Opener 2019. Mniejsze zainteresowanie w tym roku?


Wydaje mi się, że uparte trzymanie się czterodniowej formuły mija się z celem. Kiedy jest mniej wykonawców, można spokojnie skrócić festiwal o jeden dzień i nikt by się za to nie obraził. W tym roku, jak i już w kilku poprzednich latach, liczba artystów nie powala na kolana, przez co tworzą się duże luki czasowe, a całość wydarzenia sprawia wrażenie, że jest robiona na siłę.

  • Opener Festival 2019 The Smashing Pumpkins
  • Opener Festival 2019. Na zdjęciu: G-eazy.
  • Pogoda w tym roku nie rozpieszczała, ale były słoneczne momenty.
  • Znak czasów...

Opener a ekologia



Czy Opener jest ekologiczny? Chciałby być i należy docenić go za chęci, ale jeszcze nie jest. Temat ochrony środowiska jest jednym z motywów przewodnich tegorocznych festiwali. Niestety, gdyńska impreza, która chce równać do największych, nie sprostała temu wymaganiu. Mikołaj Ziółkowski, szef Alter Artu chwalił się przed rozpoczęciem wydarzenia, że tym razem będzie na Babich Dołach bardzo eko.
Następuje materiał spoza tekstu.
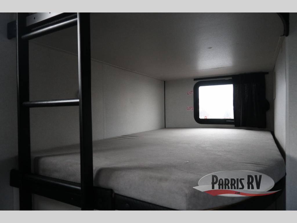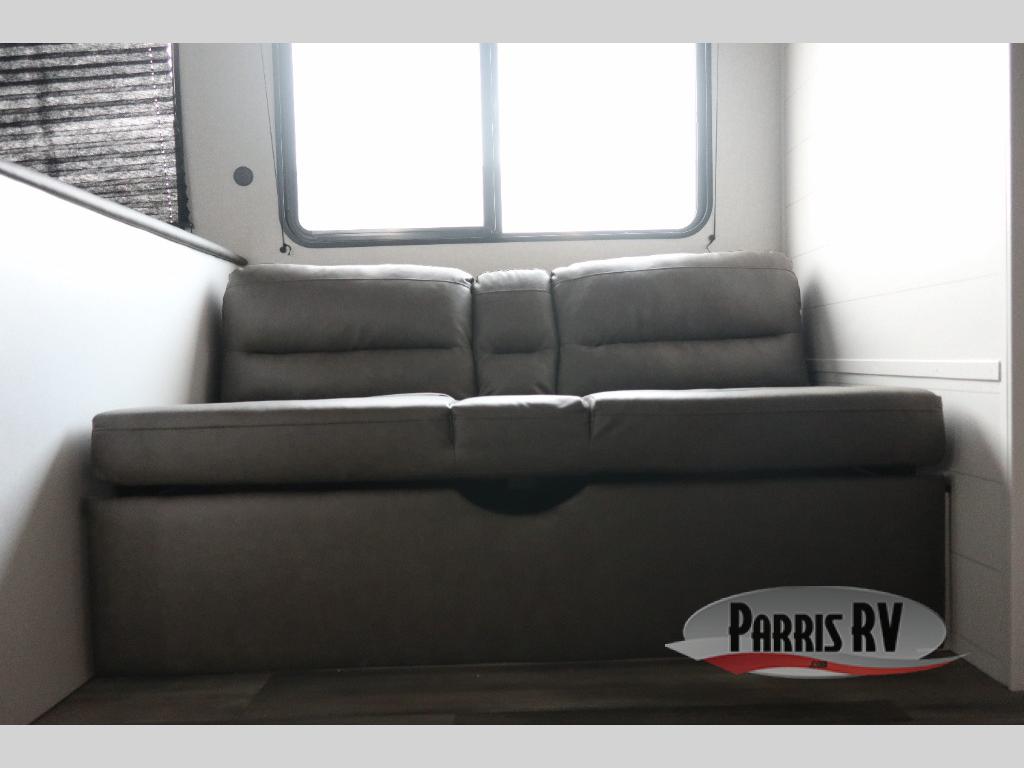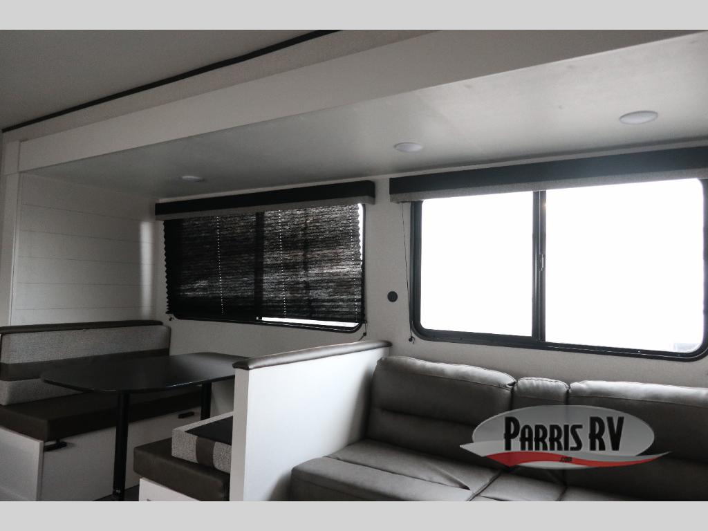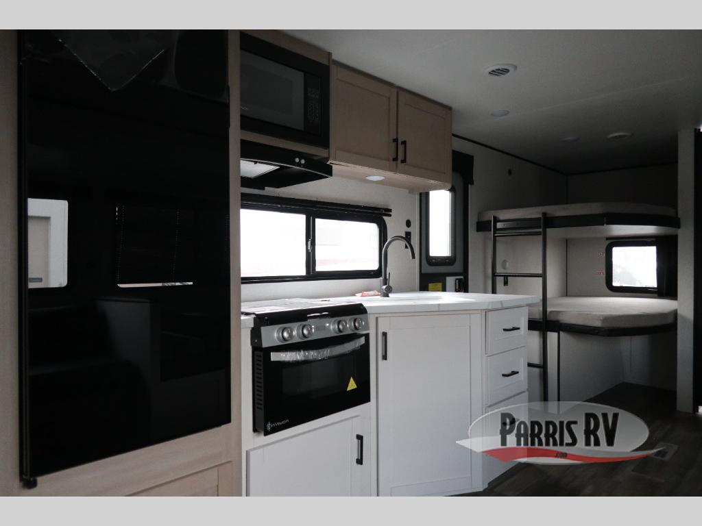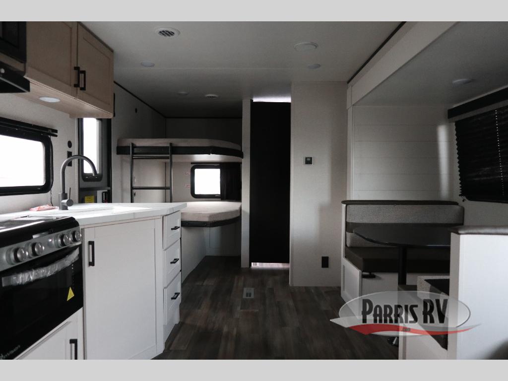 This travel trailer with double-size bunks is spacious and cozy! Once you've unloaded the exterior storage, your crew can put out the 20' power awning with LED lights, then start lunch on the outside kitchen. If the weather isn't cooperating, there is a three-burner cooktop and microwave oven inside, plus comfortable seating on the jack-knife sofa and booth dinette. You're sure to appreciate the front private bedroom with an RV queen bed, dual wardrobes, an overhead shelf, plus a bedroom closet for more shoes and clothes!

Jednak poza kubkami wielokrotnego użytku, które można było uzupełniać wyłącznie w jednej strefie, ekologii na Openerze było niewiele.

Gdzie ten brak plastikowych słomek i sztućców, o którym była mowa, skoro wiele stoisk gastronomicznych dodawało je do jedzenia i picia? Jaka ekologia jest w momencie, kiedy wodę z plastikowych butelek przelewa się do papierowych kubków - to jest po prostu sztuczne. O braku segregacji odpadów nie wspominając.

Opener 2019: co jedzą gwiazdy w prywatnej restauracji?


Jest to tylko kilka czynników z wielu, do których można się przyczepić. Ale idąc po koncercie pod scenę główną, kiedy teren już opustoszał, widząc setki plastikowych kubków, ciężko mówić prośrodowiskowym wydarzeniu. Nie wspominając już o konieczności posiadania papierowego biletu, aby móc odebrać festiwalową opaskę.

Infrastruktura



Opener jest przewidywalny pod kątem infrastrukturalnym. Ale to akurat dobrze. Rokrocznie wiemy, czego się spodziewać. Strefy gastronomiczne i sanitarne są rozmieszczone w strategicznych miejscach, dzięki czemu można w ciemno iść w określonym kierunku, ponieważ trafi się dokładnie tam, gdzie się chce. Miasteczko festiwalowe ma być funkcjonalne, a to na Openerze zdecydowanie takie jest.

Wydarzenia towarzyszące



Organizatorów Openera trzeba oddać jedno - potrafi świetnie zagospodarować czas i przestrzeń dla wydarzeń, które są uzupełnieniem muzycznej części Openera. Zarówno ciekawe przedstawienia teatralne, jak i kino niezależne czy strefa młodych projektantów to rzeczy, które już na dobre wpisały się w festiwalowy krajobraz i świetnie spełniają swoją funkcję.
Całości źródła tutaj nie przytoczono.